Renewable energy subsidies decline 56%
Federal subsidies for renewable energy, including biofuels for transportation and renewable generation of electricity, fell 56% to $6.7 billion in fiscal year 2016, from fiscal year 2013, according to the U.S. Energy Information Administration. Subsidies in fiscal years 2010 and 2013 were about $15 billion, more than twice the 2016 level as support decreased from the American Recovery and Reinvestment Act of 2009.
In fiscal year 2016, renewable energy received 46% of federal energy subsidies. EIA defines subsidies as money a government spends, or revenue it foregoes, to encourage or support certain activities. Following are the subsidies: direct expenditures, tax expenditures, research and development and credit subsidies to recipients of federal loan guarantees.
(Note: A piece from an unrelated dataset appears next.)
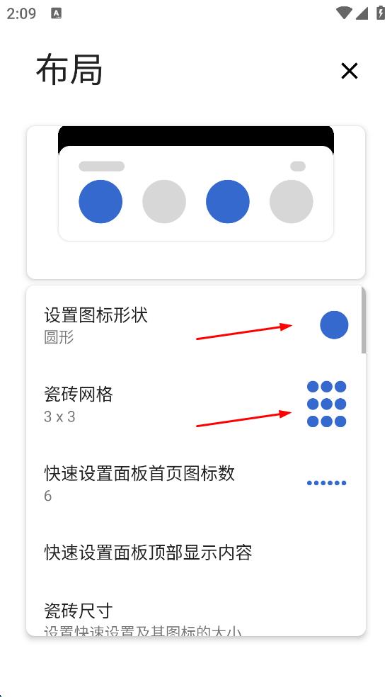 3、在布局設(shè)置里,依次設(shè)置圖標形狀為圓形、瓷磚網(wǎng)格為3×3 ,完成布局相關(guān)參數(shù)設(shè)定,優(yōu)化顯示樣式。

In fiscal year 2016, 80% of renewable subsidies were tax expenditures. More than half of the $5.6 billion in renewable tax expenditures went to biofuels, according to the EIA. In fiscal year 2010, 77% of tax expenditures went to biofuels, but in fiscal year 2013, biofuels accounted for 31% of the expenditures, after the expiration of the Volumetric Ethanol Excise Tax Credit at the end of 2011. Between fiscal years 2013 and 2016, biofuels tax expenditures rose 58.8% to $2.7 billion as a result of the $1 per gallon biodiesel blenders tax credit. Biofuels demand rose as the United States worked to meet targets set in the Renewable Fuel Standard, which required blending of biofuels into the U.S. fuel supply.
Tax expenditures for renewable electricity accounted for almost 70% renewable electricity subsidies in fiscal year 2013, but in fiscal year 2016, the subsidies were nearly cut in half, according to the EIA. The majority of the subsidies went to commercial wind and solar projects from the Production Tax Credit and the Investment Tax Credit. In 2016, the PTC provided a tax credit of 2.4 cents per kilowatt hour, and the ITC allowed for a 30% deduction for project construction costs. In fiscal year 2016, the PTC and ITC provided tax credits of $1.4 billion and $1.2 billion, respectively.
Almost all direct expenditures for renewable energy for fiscal years 2010, 2013 and 2016, were the result of the American Recovery and Reinvestment Act of 2009, or the federal stimulus funding. Since 2009, the Department of Energy has invested more than $31 billion because of the funding. A lot of the funding went to renewable energy projects, but as of fiscal year 2016, funding fell 90% to about $1 billion, from fiscal year 2013.
Research and development expenditures were about $850 million for fiscal years 2010 and 2013. By fiscal year 2016, the spending declined 47.1% to $450 million. In fiscal year 2010, $296 million in federal loan guarantees were given, but none were handed out in fiscal years 2013 and 2016.